Accessing the School of Computing’s VPN

Currently the School’s VPN is provided by the Global Protect Client of our Palo Alto Firewall.  There are clients for Windows and Mac OS X.  To download a client go to our VPN system and login with your SoC Active Directory username and password.  After installing the client you have three portals to choose from depending on how you’d like to tunnel your traffic:

  1. vpn-world.cs.utah.edu – Tunnel all traffic through the VPN
  2. vpn-uofu.cs.utah.edu – Tunnel only University of Utah traffic through the VPN
  3. vpn-soc.cs.utah.edu – Tunnel only School of Computing traffic through the VPN

vpn.cs.utah.edu is an alias for vpn-uofu.cs.utah.edu

Note that UIT also now uses the Global Protect client.   Theirs is based on your uNID while ours uses your SoC username and Active Directory password.   If you are switching between them you’ll have to sign out via the Settings -> General tab and log in using the appropriate account for the VPN you’re connecting to.

Using native IPsec clients with PSK (Pre-Shared Key)

While not officially supported, you may use your native IPsec client to access the VPN (Mac OS X, Apple iOS, Android etc.)  Windows’ client is not a pure IPsec client and is not supported at all.  The PSK information is available after you authenticate with the VPN.  Android must be at least version 4.0.3, and some kernels with 4.0.3 have a bug that cause it to not work with IPsec.
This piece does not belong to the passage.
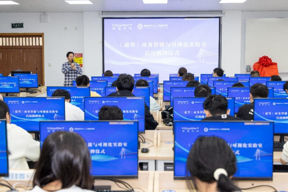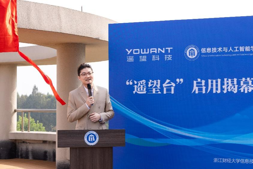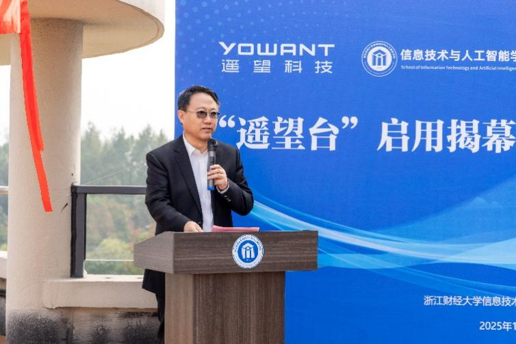 2025年11月1日,浙江财经大学信息技术与人工智能学院“遥望台”启用揭幕仪式、遥望科技“商务智能与可视化实验室”启用揭牌仪式在9号楼隆重举行。浙江财经大学副校长李占荣,遥望科技董事长兼CEO、2005届计算机专业校友谢如栋,遥望科技技术总监黄邦波,遥望科技总编辑沈海波,校友办公室主任吴玻、学院院长张帅、学院领导班子等,以及校友、师生代表参加,仪式由学院党委书记吴翼泽主持。

Issues with High Sierra (MacOS) and Later Releases

In the High Sierra and later versions of Mac OS X, Apple Computer has changed how kernel modules are loaded.  In short, Apple has an approved list of drivers and the Palo Alto Global Protect driver is not on that list.  Fortunately, adding your own driver to the approved lists is a simple task:

  1. Boot into Recovery Mode.  (Usually this is performed by holding down ⌘-R as the machine boots.)
  2. Open a terminal in Recovery mode.
  3. Enable Palo Alto’s key by entering: “spctl kext-consent add PXPZ95SK77” in the terminal.
  4. Reboot.

 You will only have to perform this task one time.  The Palo Alto driver will be recognized from that point on.